Внизу, в забитой церковной кладовой, Аркин сидел за столом, заваленным горой отпечатанных красной краской прокламаций. Он готовил их для раздачи на следующем митинге: проводил посредине листков ногтем большого пальца и складывал пополам.

— Почему она никак не успокоится?

— Эта девочка настойчива. — Морозов положил ладонь на кипу листовок с воззванием «Объединяйтесь! Власть рабочим!» и прибавил: — Как и ты.

В углу комнаты на табурете негромко бормотал никелевый самовар, и рядом с ним на оловянной тарелке лежал пирог. Священник посмотрел на нехитрую снедь и нахмурился.

— Виктор, если ты хочешь, чтобы рана твоя зажила, тебе нужно есть. И спать.

— Не сейчас, святой отец.

— А когда?

Аркин оторвал взгляд от листовок. Он похудел (он и сам это замечал), щеки ввалились, скулы выпятились и заострились, серые глаза потемнели. Даже Елизавета говорила ему об этом. Она любила подолгу всматриваться в его глаза, словно думала, что может увидеть в них его истинную сущность.

— Когда дело будет сделано, — сказал Аркин, — когда весь род Романовых ляжет в могилу, тогда я снова заживу обычной жизнью.

Брови священника низко опустились на глаза.

— Смотри, как бы не оказалось поздно, — негромко произнес он. — К тому времени ты можешь забыть, что такое обычная жизнь.

Капитан Чернов прислал письмо. От одного вида конверта с четким гербом на печати Валентине захотелось разорвать его на тысячу клочков. Но она этого не сделала. Не вскрывая конверт, она отнесла послание отцу в кабинет.

Министр прочитал письмо в молчании.

— Капитан в Швейцарии, — сообщил он, складывая листок. — Поправляет на водах здоровье после ранения. В Петербург думает вернуться не раньше осени.

Валентина услышала в его голосе нотки облегчения. Они обменялись понимающими взглядами, и дочь кивнула.

— У тебя не так много времени, папа. Те ссуды, которые ты взял в банке под залог его ожерелья, должны быть погашены до конца лета, потому что осенью я должна буду вернуть украшение.

— Если бы тебе была небезразлична судьба сестры, ты бы вышла за него. — Отец смял письмо в кулаке.

Валентина покачала головой.

— Пожалуйста, папа, не нужно. Наверняка есть какойто способ найти деньги. Чтото можно придумать. Можно продать все, что у нас есть. Продать дом в Тесово. Все равно мы туда уже не вернемся.

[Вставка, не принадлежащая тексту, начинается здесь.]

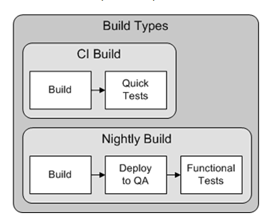 To understand build types, you need to understand that most of the time when we use the term "build" we're not exact in what we mean. Usually, when we talk about a "build" we are actually talking about something more than just a build. For example, when we talk about a "continuous integration build," we're talking about a process that extracts source code from the source-code manager (SCM), compiles it, packages it, and then runs some tests on the resulting artifacts. In contrast, a nightly build may extract source code from the source-code management system (SCM), compile it, package it, then deploy the artifacts to a QA server and run functional tests. The CI build and the nightly build are just two examples of build types.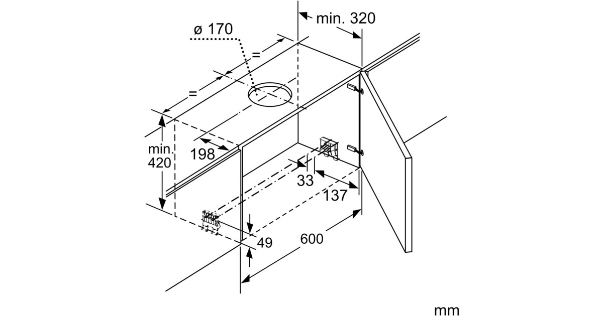 Einbaufähig in 60 oder 90 cm breiten Oberschrank; Schnellmontagebefestigung; mit Rückstauklappe |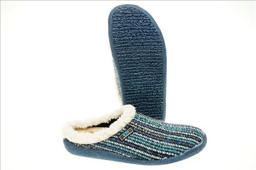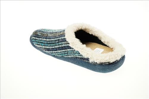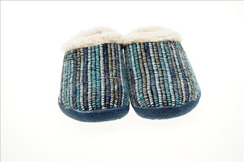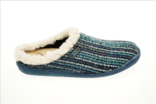 Qfit slipper in blauw multi stof met uitneembaar voetbed.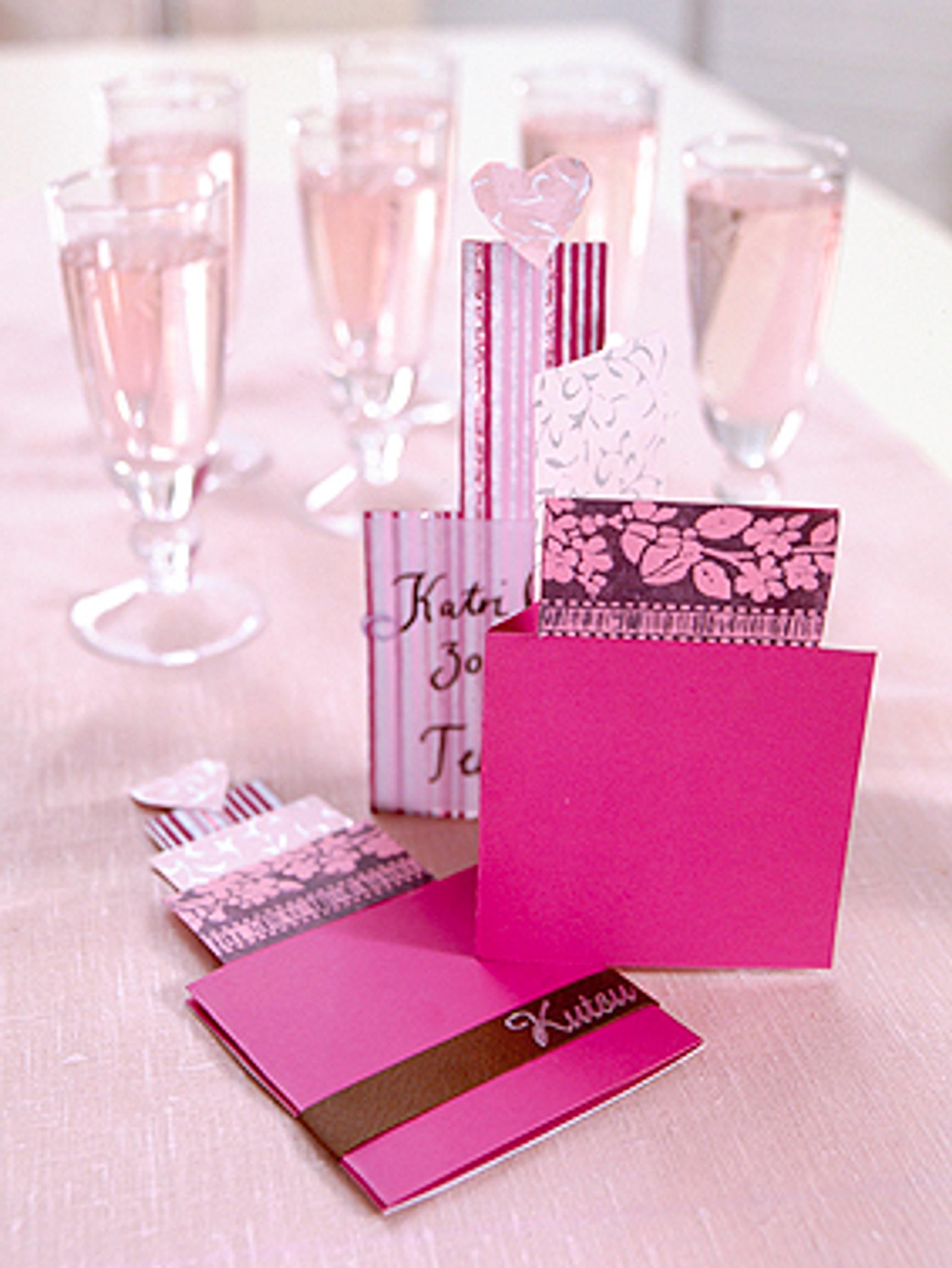 Askartele hääkakun muotoon leikattuja kutsukortteja hääteeman väreihin. Sama korttipohja taipuu vaikka synttärikortiksi.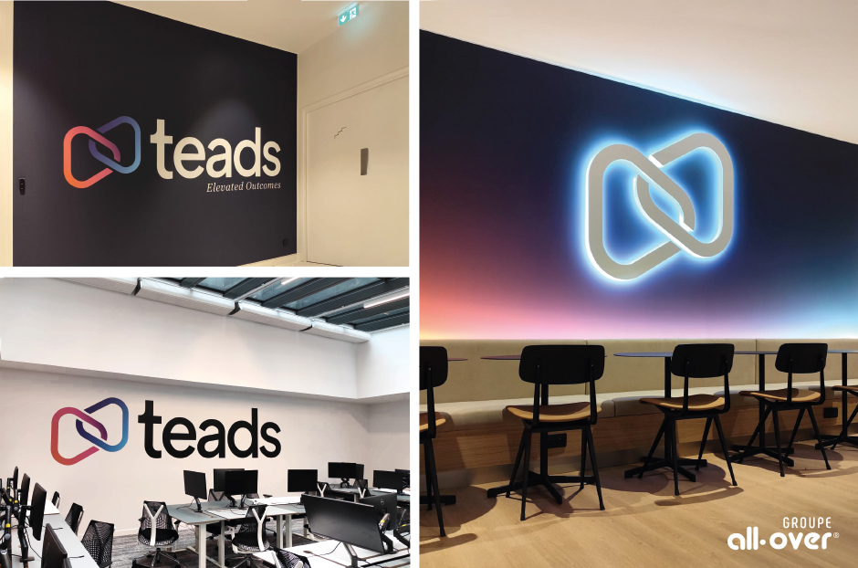 Pour PATCHWORK for Teads, nous sommes intervenus exclusivement sur les Ă©lĂ©ments dĂ©coratifs et la signalĂ©tique, avec une dĂ©clinaison graphique du logo pensĂ©e pour habiller les espaces, ainsi quâune mise en lumiĂšre destinĂ©e Ă renforcer leur identitĂ© visuelleâš.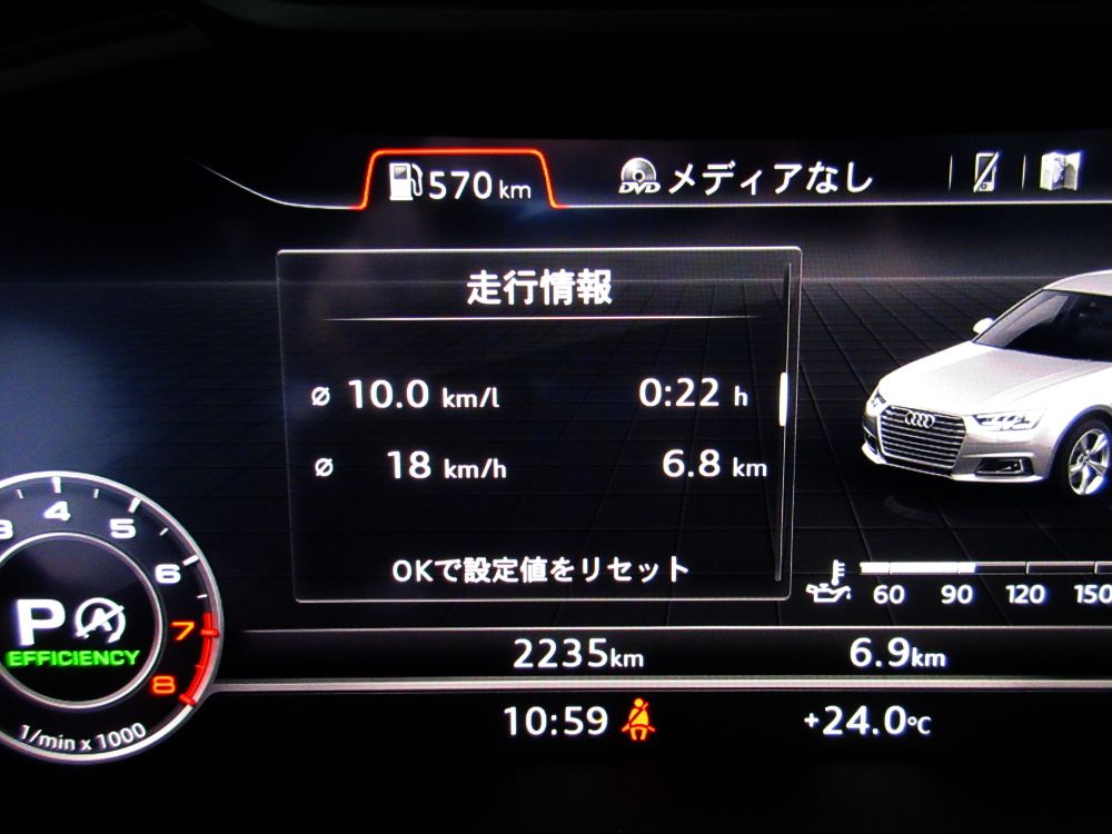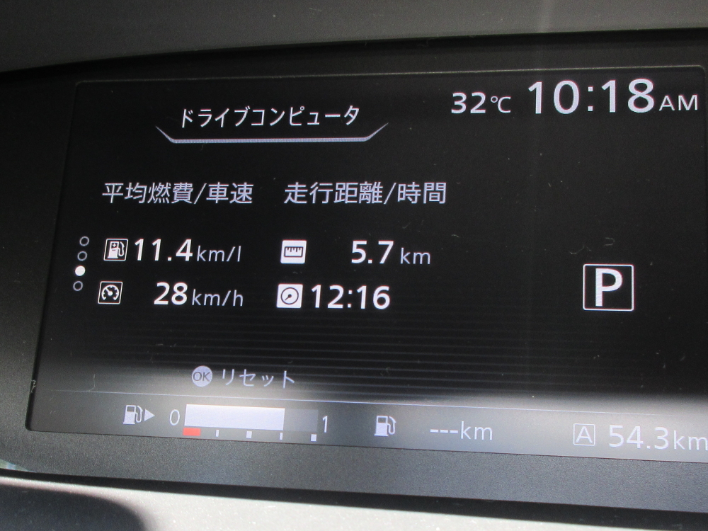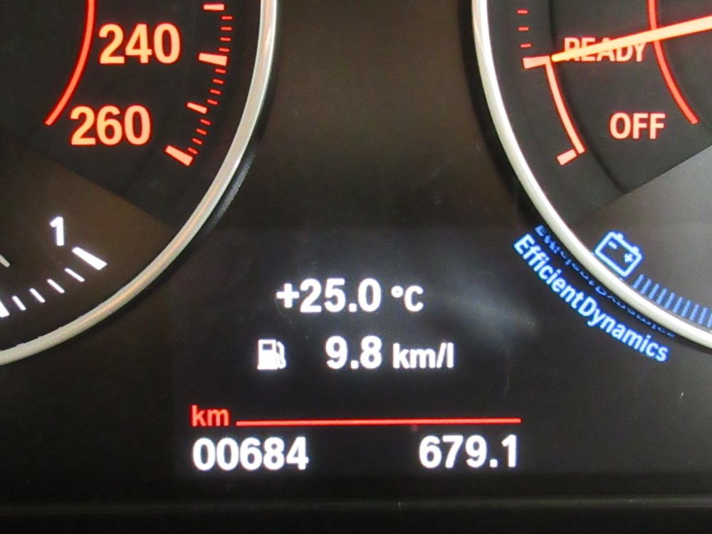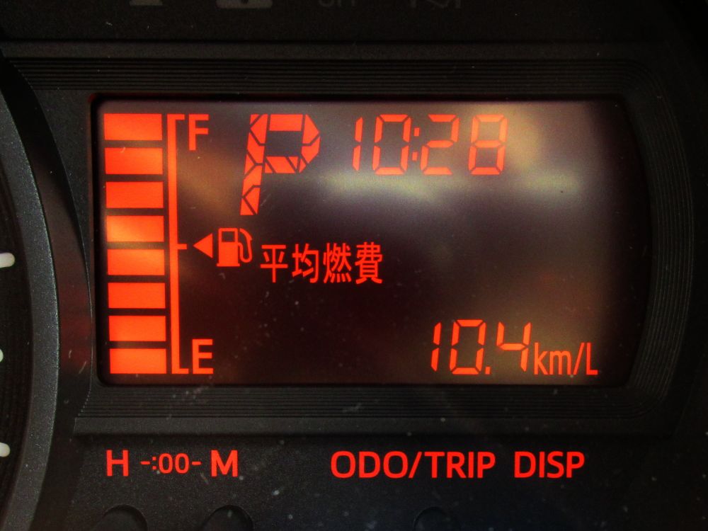メーター内の燃費計はリセットせずに走ったが、走行1000KMにも満たない試乗車の平均燃費値は10.4Km/Lと表示していた。通常、納車された顧客の例ではだいたい15Km/Lから、20Km/Lに届いたツワモノもいたとか。

Министр опустился в глубокое кресло за широким письменным столом, почти скрывшись за кипами официальных пакетов и папок, которые угрожали в любую секунду обрушиться на него. Лицо его побагровело.

— Дом и так уже принадлежит банкам, Валентина. Но я попытаюсь чтонибудь придумать.

32

Несмотря на отцовские неприятности.

Несмотря на то что Аркин исчез с лица земли.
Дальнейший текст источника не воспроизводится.